One of the most prohibitive expenses in scaling up cultivated meat production is developing non-animal-derived serum protein mimetics that promote and support cell growth. Such proteins are not widely available in the current market at the quantity, quality and cost necessary for large-scale production. Aleph Farms turned to Enzymit to co-develop novel insulin substituents in microorganisms that can fulfill the function of proteins found naturally in animals and do so with greater desired activity per molecule.
"Developing more suitable processing aids for the production of cultivated meat is imperative for driving economies of scale and taking cultivated meat mainstream," said Neta Lavon, PhD, CTO of Aleph Farms. "This innovation, combining Enzymit's outstanding protein design and experimental capabilities with our team's expertise in cellular agriculture, is helping to build the foundations for our sector to achieve cost-efficiency and long-term impact."
The success of this collaboration opens the door to additional benefits, far beyond the cultivation of cow cells. As insulin is a highly conserved protein across mammals and other species, it has the potential to similarly influence the production of other cultivated meat types, such as porcine, ovine and poultry.

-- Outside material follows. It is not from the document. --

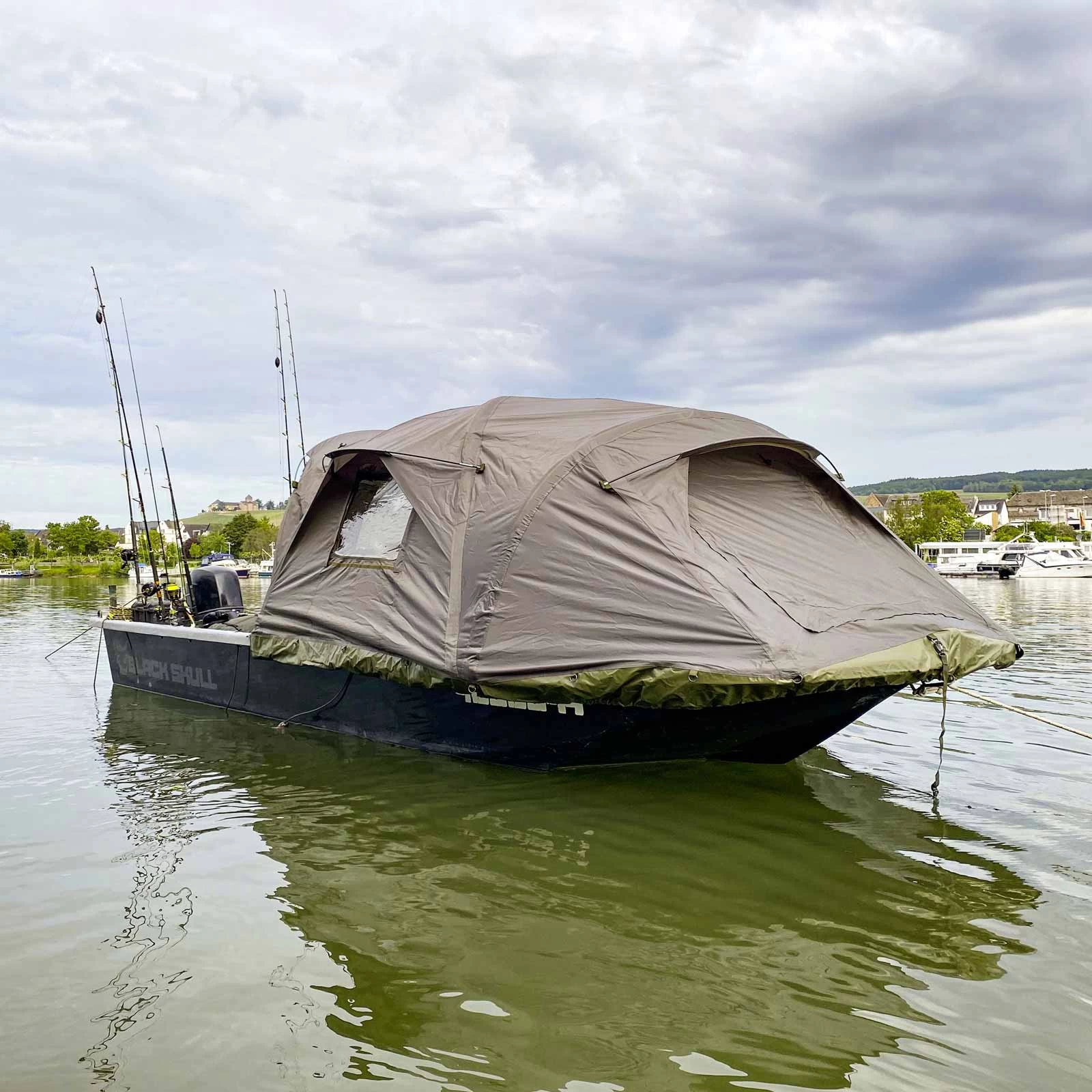 Durch die Abmessungen von 3,40 Meter Länge und 2 Meter mittlerer Breite lässt sich das Boat Cave 3.0 auf nahezu allen gängigen Bootstypen verwenden. Die vielen individuellen Befestigungspunkte in Form von D-Ringen gewährleisten eine flexible und sichere Befestigung an der Bootswand. Die optimale Nutzungsbreite beträgt 200 Zentimeter.

"Aleph Farms has been an invaluable partner for this initiative, which can pave the way for more cost-efficient production of cultivated meat," said Gideon Lapidoth, PhD, CEO of Enzymit. "With recombinant proteins currently accounting for the overwhelming majority of cell culture costs, creating highly stable and more active insulin substituents can markedly reduce the cost of growth media and increase efficiency in producing cultivated meat at scale."

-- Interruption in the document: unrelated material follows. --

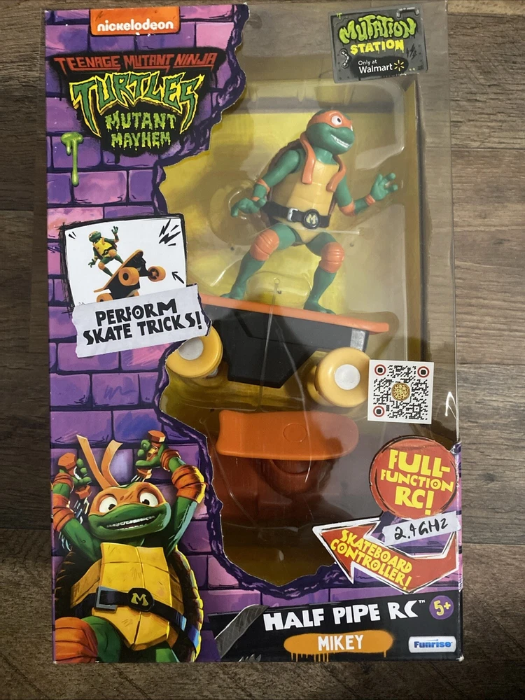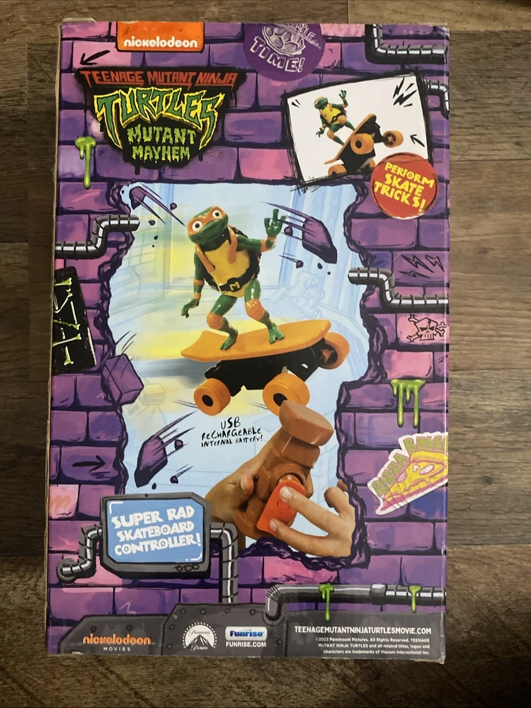 Get ready for some serious fun with the Teenage Mutant Ninja Turtles Mayhem MIKEY Half Pipe RC Skateboard. This action figure set includes Michaelangelo, a remote control, and a skateboard. The set is brand new in its original box, making it the perfect addition to any TMNT collection. With a length of 3.75", a height of 10.5", and a width of 6.5", this set is perfect for kids aged 5-7 years old. The skateboard features an RC that allows you to control Mikey's movements, adding an extra level of excitement to playtime. This set is a great way to bring the fun of the Teenage Mutant Ninja Turtles to life, and it's sure to provide hours of entertainment.

Utilizing its proprietary computational design algorithms and high-throughput testing capabilities, Enzymit was able to quickly develop a variety of insulin substituents and experimentally assess their functionality. All those selected were soluble proteins expressed in E. coli and purified without requiring refolding, complex purification steps, or other treatments. Further screening resulted in several leading candidates exhibiting superior results in activity for cell culturing and requiring minimal concentration for activation. These new proteins, which demand notably fewer downstream purification and maturation processes, dramatically reduce production time and costs.